И одновременно - во время атаки на Капитолий рядом с флагами QAnon флаг Израиля. В сознании борцов с «глобализмом» современный Израиль выглядит союзником.

Антисемитский сионизм - своеобразный феномен нашего времени.

A robust Israeli-American conservative nexus, led by intellectuals like Yoram Hazony, think tanks like PragerU, and foundations like the Tikvah Fund, often lauds Israel as a kind of primordial archetype, embodying a Biblically rooted religio-nationalist ideal that sits at the very foundation of the West itself. In revolt against a “globalist” world order of open borders and international homogenization, the idea of Israel signifies, for many across the global far-right, the insistence that strong nations shall retain their sovereignty, police their borders, preserve their identities and reject the “meddling” of international bodies and human rights standards.

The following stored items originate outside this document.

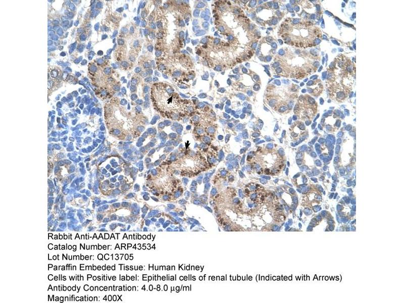 - The immunogen is a synthetic peptide directed towards the N terminal region of human AADAT
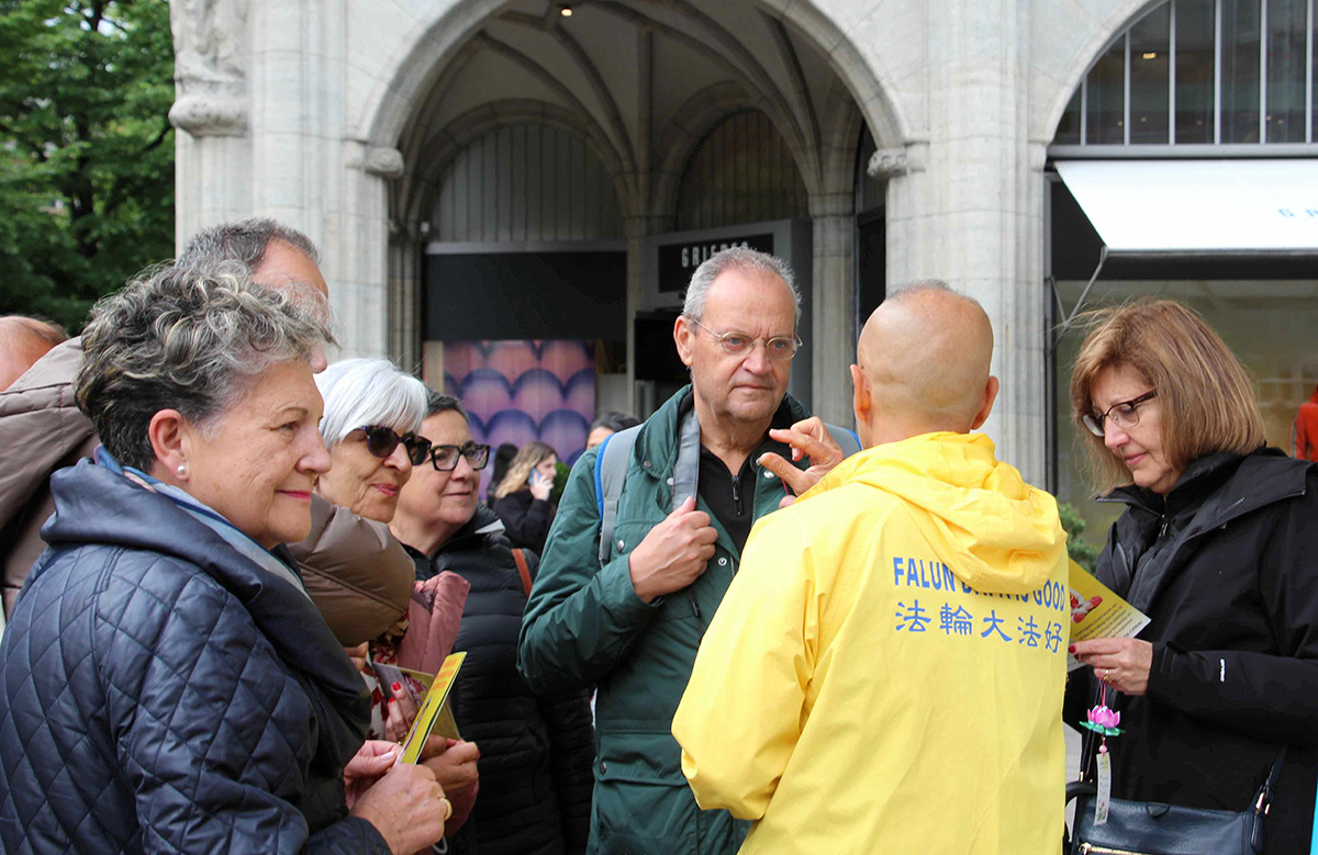 了解到世界各地的法轮功学员在过去的二十四年始终坚持反迫害,通过各种形式让人了解大法的美好,揭露中共迫害的残忍罪行后,法斯宾德(Fassbind)感叹:“有人积极的付出,要求停止迫害,这非常重要。我能感受到法轮功学员全身心的付出,我支持他们。”
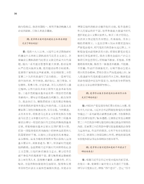容。二是在党的建设 基本要求第一项坚 持 党的基 问:党章修正案在坚持党的全面领导方面
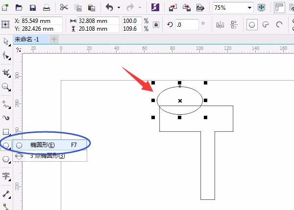 3、单击用“椭圆形工具”画出一个椭圆,并移动位置,如图所示:
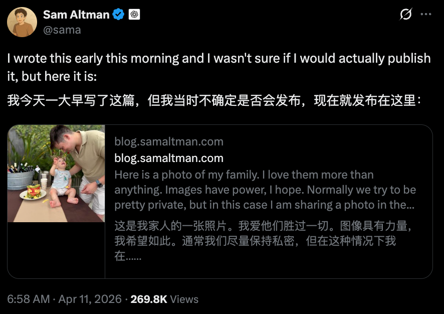 Sam Altman刚刚发文报了平安:所幸燃烧瓶偏离了房屋,无人受伤。

This right-wing Zionism fits comfortably alongside simmering currents of antisemitism. Far-right leaders - from Israeli Prime Minister Benjamin Netanyahu and his son Yair, to Hungary’s Viktor Orbán and the U.S.’s Donald Trump - demonize named enemies like George Soros and “globalists” with the well-worn tropes of modern antisemitism, as embodying a subversive liberal agenda of open borders, cosmopolitanism and racial justice. Evoking “dual loyalty” tropes, Trump frequently seems to regard his American Jewish supporters as primarily loyal to Israel, or even as temporarily displaced Israelis, while denigrating liberal Jewish Americans as “disloyal.”
For millions of right-wing Christians, meanwhile, an almost fanatical love for Israel is infused with fever dreams of an apocalyptic End Times scenario, where the Jewish state is plunged into cataclysmic war and its ingathered Jews are forced by a resurrected Christ to convert or perish, all while the triumphant Christian faithful are raptured to heaven. As many have noted, this philosemitic Christian Zionism carries deep undercurrents of anti-Judaism, accentuated by the increasing tendency of many believers to wrap themselves in Jewish religious garb and iconography. The morning of the Jan. 6 coup, for example, a group of Christian right leaders held a Jericho March - the name itself evoking the Biblical narrative of a group of warriors laying siege to a walled city - on the streets of Washington, calling on participants to “pray, march, fast and rally for election integrity,” according to a cached version of the group’s website. Later, one rioter, perhaps cosplaying as an ancient Biblical warrior, blew a shofar, a hollowed out ram’s horn which is sounded on important Jewish occasions, through the shattered windows of the Capitol building.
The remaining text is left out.